If you donned blackface at a Halloween party this year but no one snapped a photo and shamed you by posting it on social media, does it still count as offensive behavior?
Of course it does.
Blackface, originally a form of theatrical makeup used by white vaudeville actors to caricature African Americans in the 19th century, has been problematic ever since it became massively popular as a way for white people to poke fun at disturbing racial stereotypes: Popular minstrel characters were lazy, lying buffoons and subservient mammys.
But this Halloween it seemed like more people were calling out blackface than usual.
• Actress Julianne Hough had to publicly apologize after smearing self-tanner on her face and dressing up as Crazy Eyes from Orange is the New Black.
• Two Floridians who went out as a murdered Trayvon Martin and George Zimmerman deleted their social media accounts after the photo went viral.
• The San Diego High School football coaches who darkened their skin to dress as the Jamaican bobsled team from the 1993 movie Cool Runnings may lose their jobs.
Why are Americans paying more attention to blackface this year than, say, “too-sexy” costumes for kids, another Halloween hot topic?
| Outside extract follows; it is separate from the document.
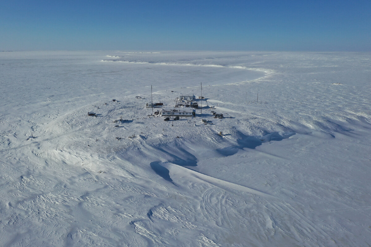 С высоты птичьего полета арктическая полярная станция на самом севере Якутии выглядит маленькой черной точкой среди абсолютно белого холодного безмолвия. Но это зимой, которая здесь длится с сентября по июнь. Коротким арктическим летом же это зелёная тундра с сотнями и тысячами маленьких озёр, болот и рек вокруг. Насколько хватает взгляда.

The clickable outrage is linked to a painful summer for racial justice, said author and activist Jeff Chang, executive director of the Institute for Diversity in the Arts’ Committee on Black Performing Arts at Stanford University. The Supreme Court’s reactionary decisions on affirmative action and the Voting Rights Act, coming fast on the heels of the Zimmerman acquittal, added to widespread racial anxiety that’s been bubbling since Barack Obama was elected president in 2008, Chang said. Combine all that with social media, and you’ve got yourself viral fury.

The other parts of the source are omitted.